Graduate Program in Biophysical Sciences, University of Chicago, Chicago, Illinois 60637, United States.
Department of Chemistry, University of Chicago, Chicago, Illinois 60637, United States.
ACS Synth Biol. 2023 Dec 15;12(12):3544-3561. doi: 10.1021/acssynbio.3c00261. Epub 2023 Nov 21.
Deep generative models (DGMs) have shown great success in the understanding and data-driven design of proteins. Variational autoencoders (VAEs) are a popular DGM approach that can learn the correlated patterns of amino acid mutations within a multiple sequence alignment (MSA) of protein sequences and distill this information into a low-dimensional latent space to expose phylogenetic and functional relationships and guide generative protein design. Autoregressive (AR) models are another popular DGM approach that typically lacks a low-dimensional latent embedding but does not require training sequences to be aligned into an MSA and enable the design of variable length proteins. In this work, we propose ProtWave-VAE as a novel and lightweight DGM, employing an information maximizing VAE with a dilated convolution encoder and an autoregressive WaveNet decoder. This architecture blends the strengths of the VAE and AR paradigms in enabling training over unaligned sequence data and the conditional generative design of variable length sequences from an interpretable, low-dimensional learned latent space. We evaluated the model's ability to infer patterns and design rules within alignment-free homologous protein family sequences and to design novel synthetic proteins in four diverse protein families. We show that our model can infer meaningful functional and phylogenetic embeddings within latent spaces and make highly accurate predictions within semisupervised downstream fitness prediction tasks. In an application to the C-terminal SH3 domain in the Sho1 transmembrane osmosensing receptor in baker's yeast, we subject ProtWave-VAE-designed sequences to experimental gene synthesis and select-seq assays for the osmosensing function to show that the model enables synthetic protein design, conditional C-terminus diversification, and engineering of the osmosensing function into SH3 paralogues.

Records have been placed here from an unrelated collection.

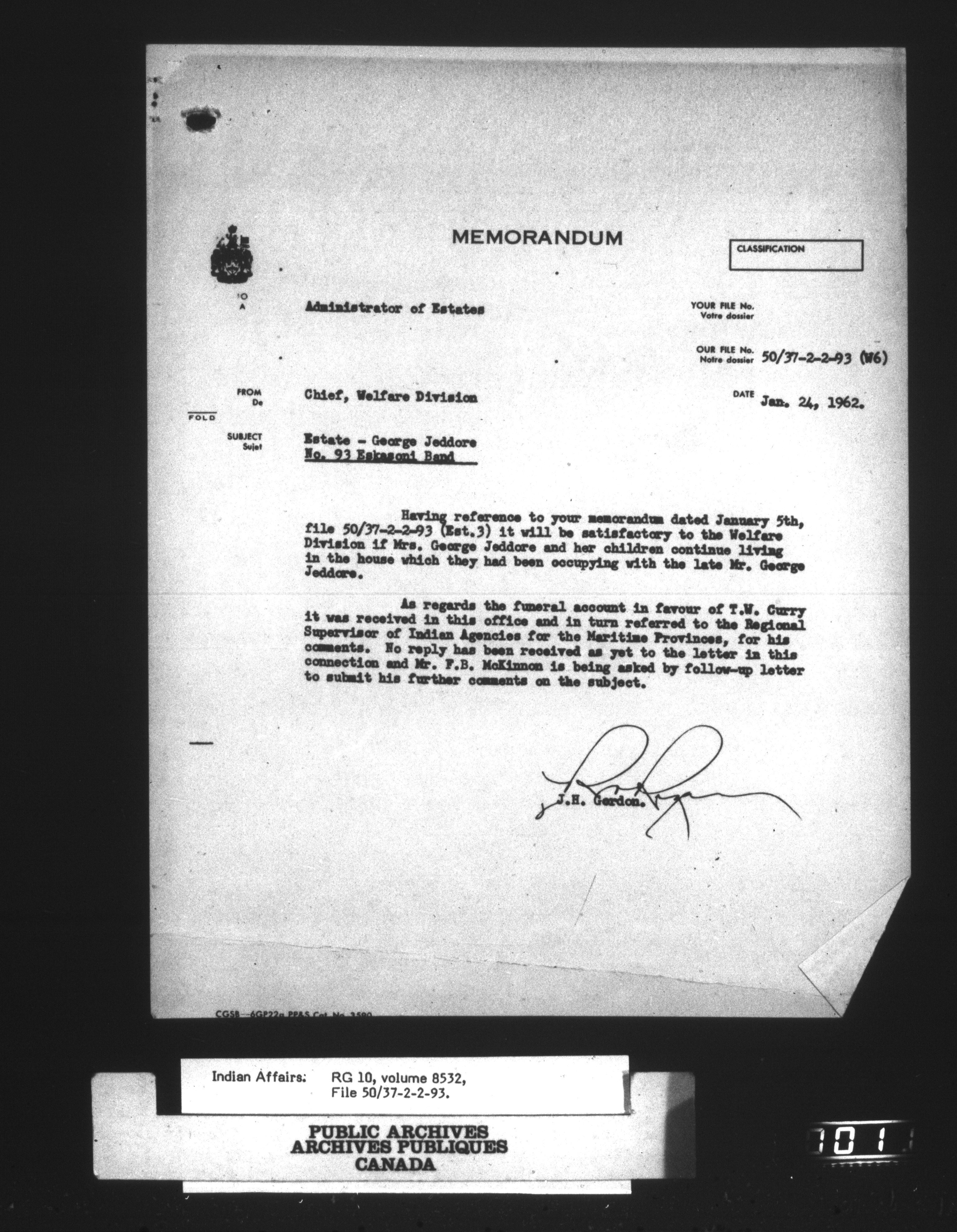 Department of Indian Affairs : Eskasoni Agency : C-15160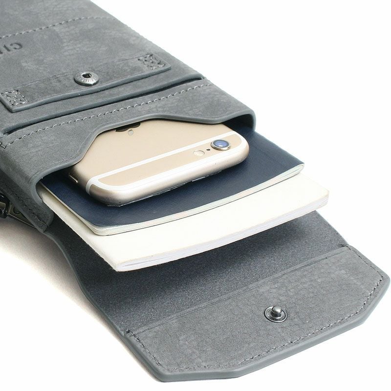 薄型のノートやパスポート、スマートフォンなどが収納可能。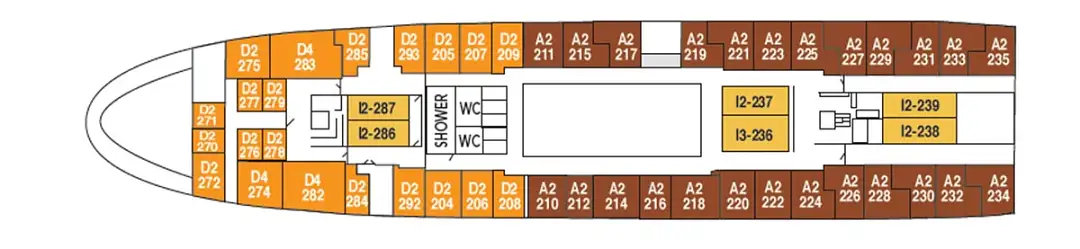 Unsere komfortablen POLAR Innenkabinen (I, D und C) auf Deck A, B und C der Nordstjernen und sind alle mit Ober- und Unterbetten ausgestattet. Die Kabinen der Kategorie D und C verfügen lediglich über ein Waschbecken. Duschen/WC befinden sich auf dem Gang.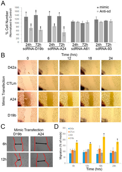 3.3. sdRNA-D19b Overexpression Enhances PC3 Cell Migration
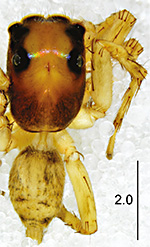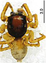 ![]() Fig.: F-30281 Thiratoscirtus spinifer - ♂ - general appearance, dorsal view - © WIŚNIEWSKI, K. & WESOŁOWSKA, W. (2024) | ![]() Fig.: F-30282 Thiratoscirtus spinifer - ♂ - general appearance, dorsolateral view - © WIŚNIEWSKI, K. & WESOŁOWSKA, W. (2024) | ![]() Fig.: F-30283 Thiratoscirtus spinifer - ♂ - general appearance, frontal view - © WIŚNIEWSKI, K. & WESOŁOWSKA, W. (2024) | ![]() Fig.: F-30284 Thiratoscirtus spinifer - ♂ - palpal organ, ventral view. Scale bar: 0.5 mm - © WIŚNIEWSKI, K. & WESOŁOWSKA, W. (2024) | ![]() Fig.: F-30285 Thiratoscirtus spinifer - ♂ - palpal organ, ventrolateral view - © WIŚNIEWSKI, K. & WESOŁOWSKA, W. (2024) | ![]() Fig.: F-30286 Thiratoscirtus spinifer - ♂ - palpal organ, lateral view - © WIŚNIEWSKI, K. & WESOŁOWSKA, W. (2024) | ||||||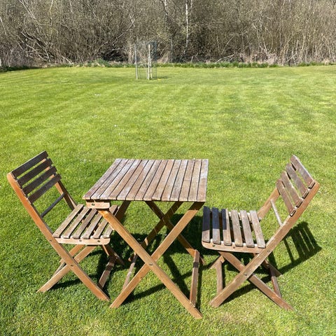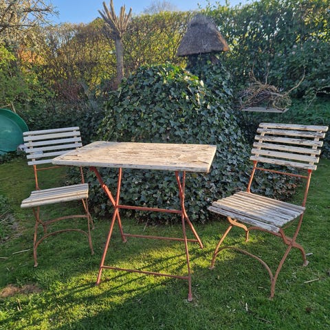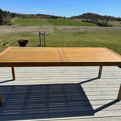 Teak havemøbelsæt bord og 2 stole i solid stabil kvalitet. FSC-certificeret. Bordplade 75x120. Skal have en rens. Stået under halvtag. Bud velkomne.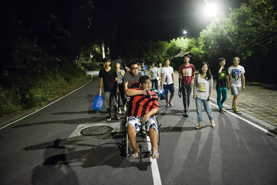 坐著輪椅的胡庭碩,親自帶著工作坊學員在坪林鄉間進行夜間導覽,讓人口老化的鄉間充滿活力。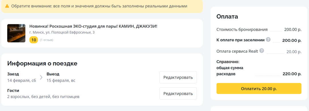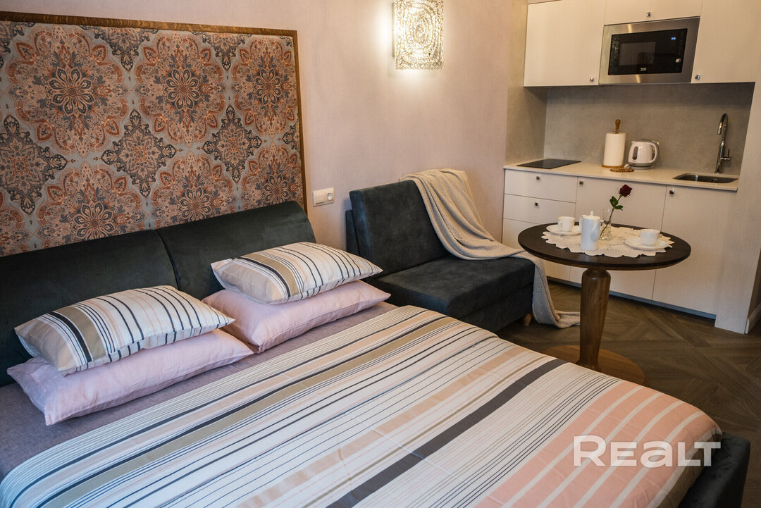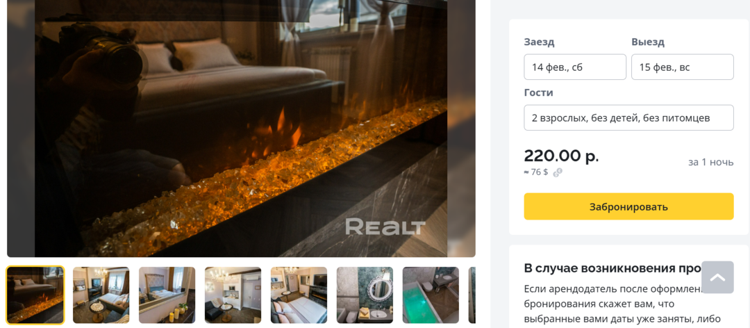 Мы просто вписали в сервисе Realt.Бронь желаемые даты (14−15 февраля) для заселения в Минске — и получили множество вариантов квартир на выбор. Конкретно эта квартира привлекла нас интересным наполнением и близостью к метро. К тому же, прямо в этом доме находится сразу несколько кофеен, куда можно сходить на завтрак. Сутки в такой квартире на выбранную нами дату стоят 76 долларов.

深度生成模型(DGM)在理解和数据驱动的蛋白质设计方面取得了巨大成功。变分自编码器(VAE)是一种流行的 DGM 方法,它可以学习蛋白质序列的多序列比对(MSA)中氨基酸突变的相关模式,并将这些信息提炼到低维潜在空间中,以揭示系统发育和功能关系,并指导生成蛋白质设计。自回归(AR)模型是另一种流行的 DGM 方法,通常缺乏低维潜在嵌入,但不需要将训练序列对齐到 MSA 中,并能够设计可变长度的蛋白质。在这项工作中,我们提出了 ProtWave-VAE,这是一种新颖的轻量级 DGM,采用具有扩张卷积编码器和自回归 WaveNet 解码器的信息最大化 VAE。这种架构融合了 VAE 和 AR 范式的优势,能够在不对齐的序列数据上进行训练,并从可解释的低维学习潜在空间中对可变长度序列进行条件生成设计。我们评估了该模型在推断无对齐同源蛋白质家族序列中的模式和设计规则以及在四个不同蛋白质家族中设计新的合成蛋白质的能力。我们表明,我们的模型可以在潜在空间中推断出有意义的功能和系统发育嵌入,并在半监督的下游适应性预测任务中进行高度准确的预测。在对酿酒酵母 Sho1 跨膜渗透压感受器中的 C 端 SH3 结构域的应用中,我们对 ProtWave-VAE 设计的序列进行了实验基因合成和选择-seq 测定,以评估渗透压功能,结果表明该模型能够进行合成蛋白质设计、条件 C 端多样化以及对 SH3 同源物的渗透压功能进行工程改造。